Obesity is a prevalent condition characterized by the excessive accumulation and storage of fat in adipose tissue. It is a major cause of insulin resistance, which is implicated in the development of metabolic syndrome (MetS) and type 2 diabetes (T2D). These pathologies are related with the development and progression of atherosclerosis, one of the leading causes of morbidity and mortality in industrialized countries [1].

Dyslipidemia is a known risk factor for atherosclerosis and is commonly linked to insulin resistance and, hence, to obesity, MetS and T2D [2]. The two major quantitative lipid abnormalities in these patients are increased triglyceride levels and low high-density lipoprotein (HDL) levels. When these parameters are associated with a higher proportion of small and dense low-density lipoprotein particles (sdLDL), atherogenic dyslipidemia is diagnosed. This condition has emerged as an important marker of the increased cardiovascular disease risk observed in patients with obesity, MetS, insulin resistance and T2D [3]. HDL does not represent a sum of identical particles, but rather a collection of discrete subfractions that differ with respect to their physicochemical properties; namely size, density, composition and charge. In common metabolic diseases, such as T2D and MetS, it seems that HDL atherogenicity increases as particle size decreases, and that small HDL particles are more atherogenic than large HDL [4].

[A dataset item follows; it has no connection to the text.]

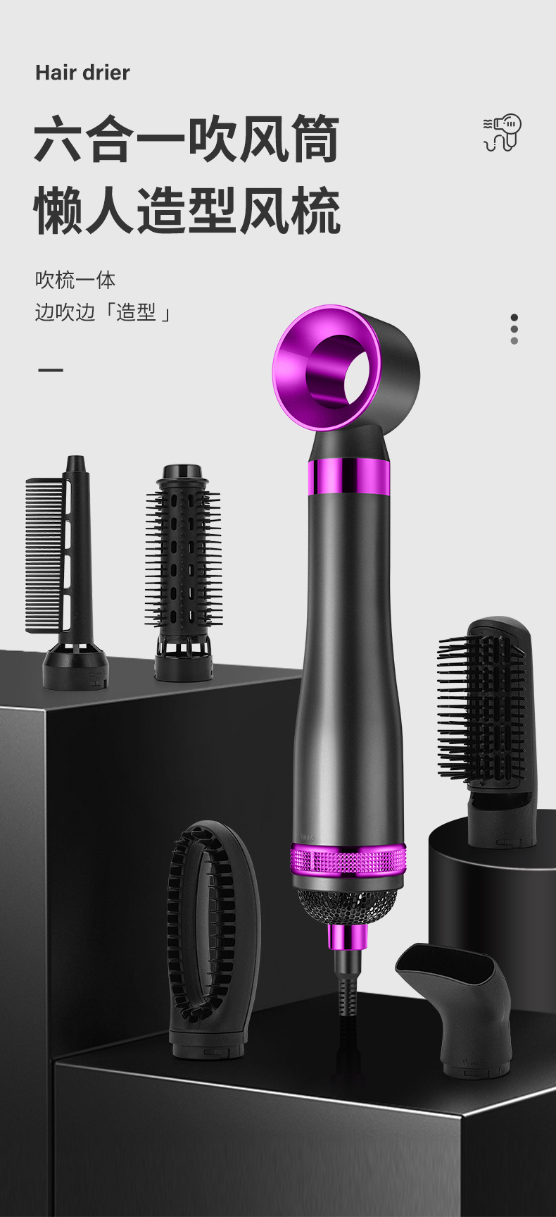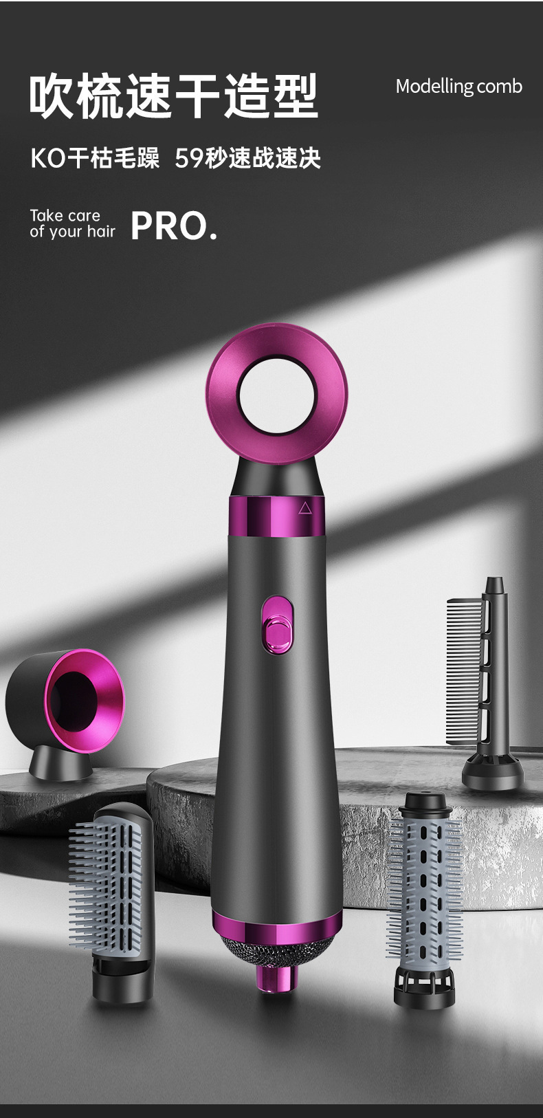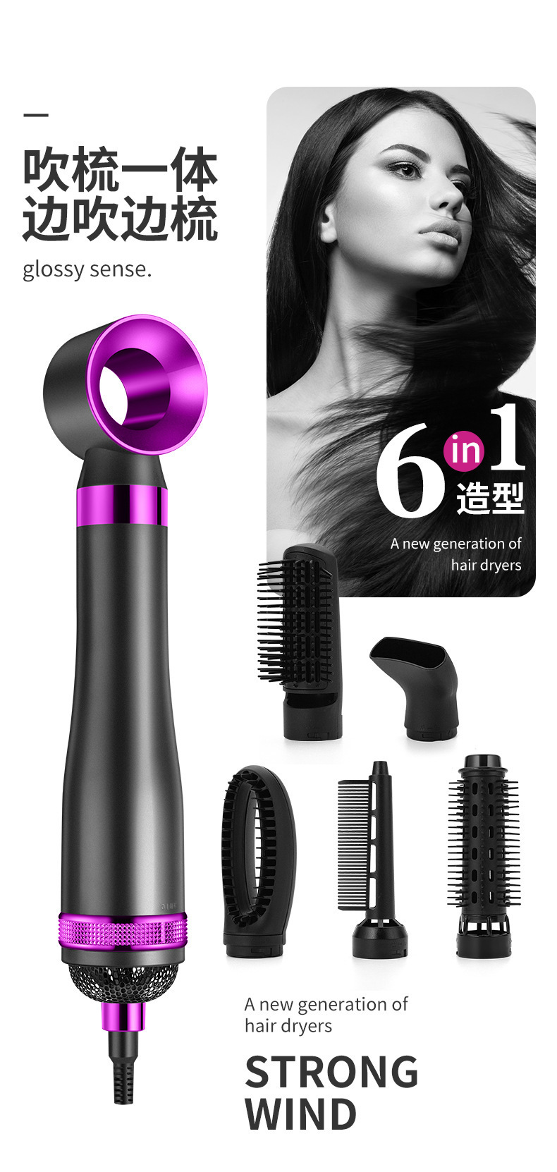 strict selection high-speed hair dryer straight hair comb electric hair curlers blowing and combing six-in-one machine negative ion shape hair dryer

Retinol binding protein 4 (RBP4), secreted primarily by the liver and adipocytes, is a recently identified adipokine [5] apparently linked to obesity and its comorbilities in humans, especially insulin resistance, T2D, and certain components of MetS. However, it is a matter of controversy whether RBP4 levels in obesity are determined by insulin resistance. Circulating RBP4 levels have been shown to rise and to positively correlate with body mass index (BMI) [5], [6] and to be associated with insulin resistance [5][8], while there have been contrasting reports of similar RBP4 levels regardless of BMI and no significant correlation between RPB4 and insulin resistance [9][12].

In addition, growing evidence suggests that RBP4 plays a role in lipid metabolism to an even greater extent than insulin resistance. In fact, many human studies have found a strong relationship between RBP4 and triglycerides, some finding an association with insulin resistance [6], [13] and others failing to do so [14]-[16]. Indeed a role for RBP4 in the catabolism of very low-density lipoprotein (VLDL) [14] and the formation of sdLDL has been suggested [17], [18], though the implication of RBP4 in components of atherogenic dyslipidemia has been studied very little.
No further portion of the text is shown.